Otherwise, if you post the first few lines from each file here I may be able to detect the cause of the problem.
Again, I would like to help until clust is running successfully for you.
BW Basel
Hi,
I'm using clust for the first time. Using tpm values to build my clusters. I'm using Python 2.7.14 and I'm running it in HPC. I get this error:
| Analysis started at: Tuesday 15 January 2019 (09:52:58) | | 1. Reading dataset(s) | | 2. Data pre-processing | Traceback (most recent call last): File "/nbi/Research-Groups/JIC/Diane-Saunders/Anaconda/Installation/bin/clust", line 11, in
sys.exit(main())
File "/Anaconda/Installation/lib/python2.7/site-packages/clust/main.py", line 98, in main
args.cs, args.np, args.optimisation, args.q3s, args.basemethods, args.deterministic)
File "/Anaconda/Installation/lib/python2.7/site-packages/clust/clustpipeline.py", line 102, in clustpipeline
filteringtype=filteringtype, filterflat=filflat, params=None, datafiles=datafiles)

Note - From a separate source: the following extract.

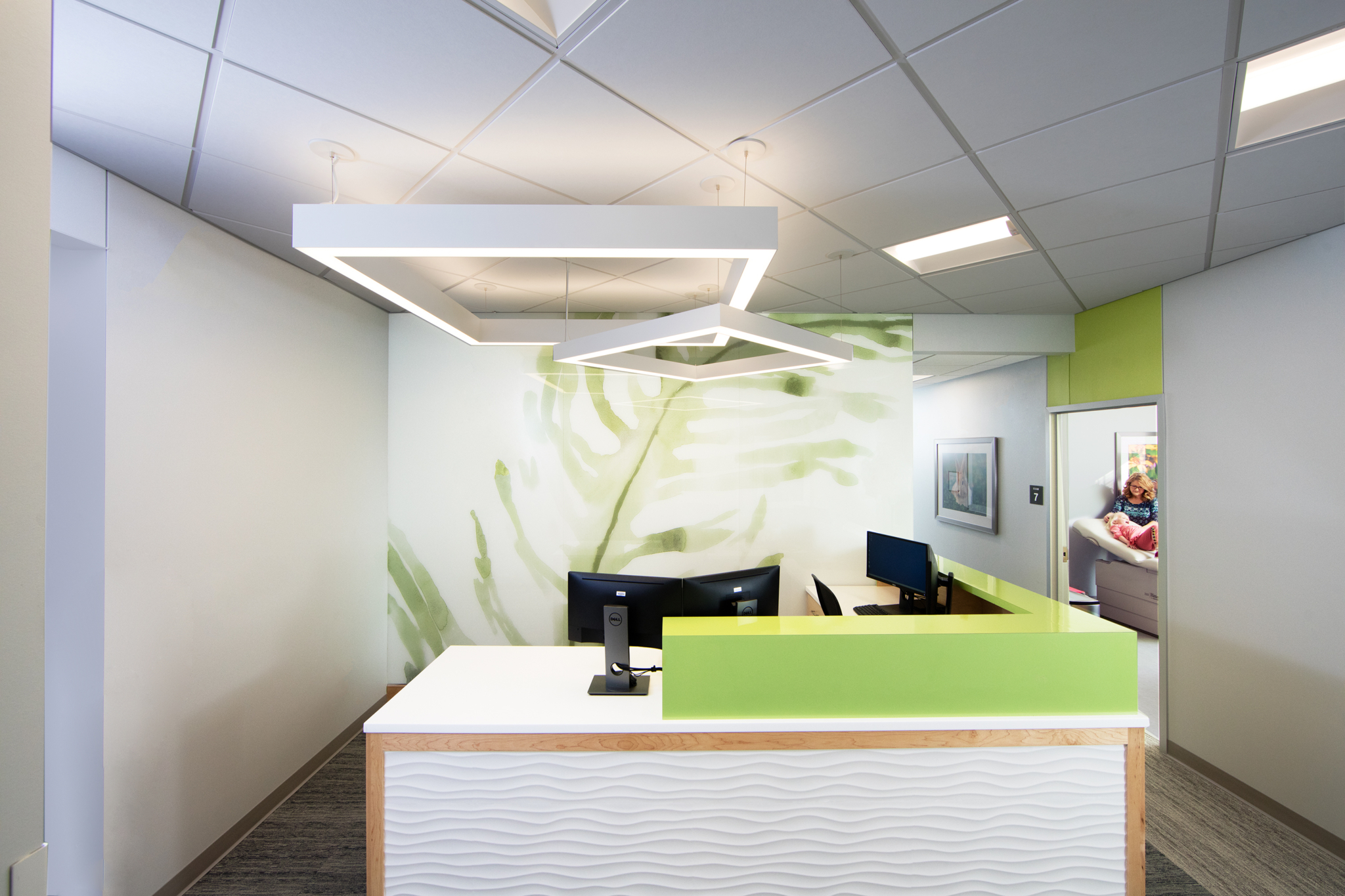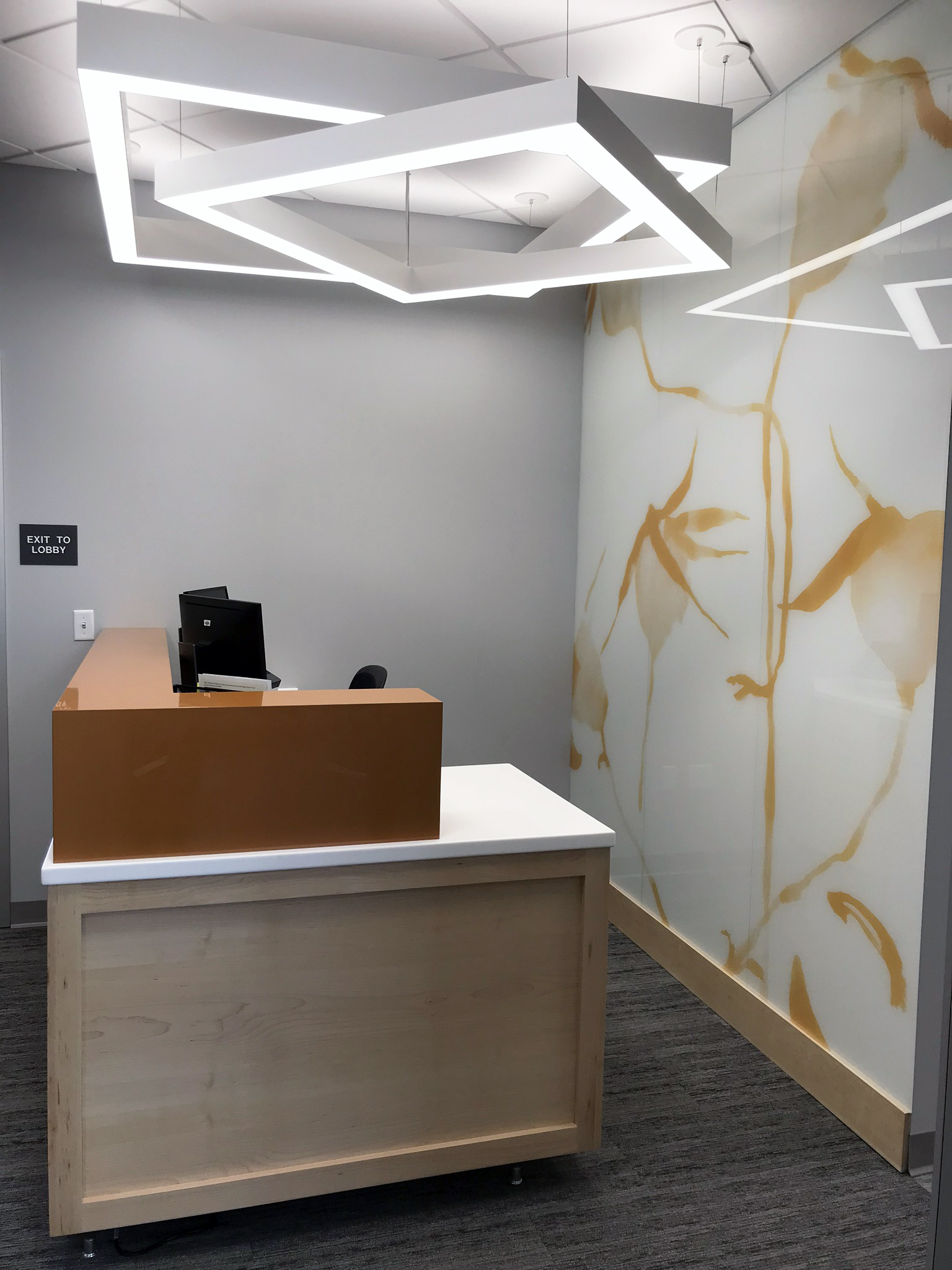 At IU Health Riley Outpatient Center, digitally printed and back-painted glass panels bring Feather by Susan Hable Smith and Bulbs by Susan Hable Smith patterns to life in a custom colorway. Installed as wall cladding, the design introduces visual rhythm and organic form into the healthcare environment—supporting wellness through biophilic reference.
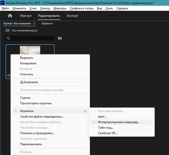 После того как вы выбрали исходный материал в левом верхнем углу у вас появится миниатюра вашего будущего видео. Щелкаем по нему правой кнопкой мыши и "Изменить" > "Интерпретировать видеоряд..."

File "/Anaconda/Installation/lib/python2.7/site-packages/clust/scripts/preprocess_data.py", line 630, in preprocess
Xproc[l] = fixnans(Xproc[l])
File "/Anaconda/Installation/lib/python2.7/site-packages/clust/scripts/preprocess_data.py", line 70, in fixnans
sumnans = sum(isnan(Xinloc[i]))
TypeError: 'bool' object is not iterable
Any ideas why this might be?
Thanks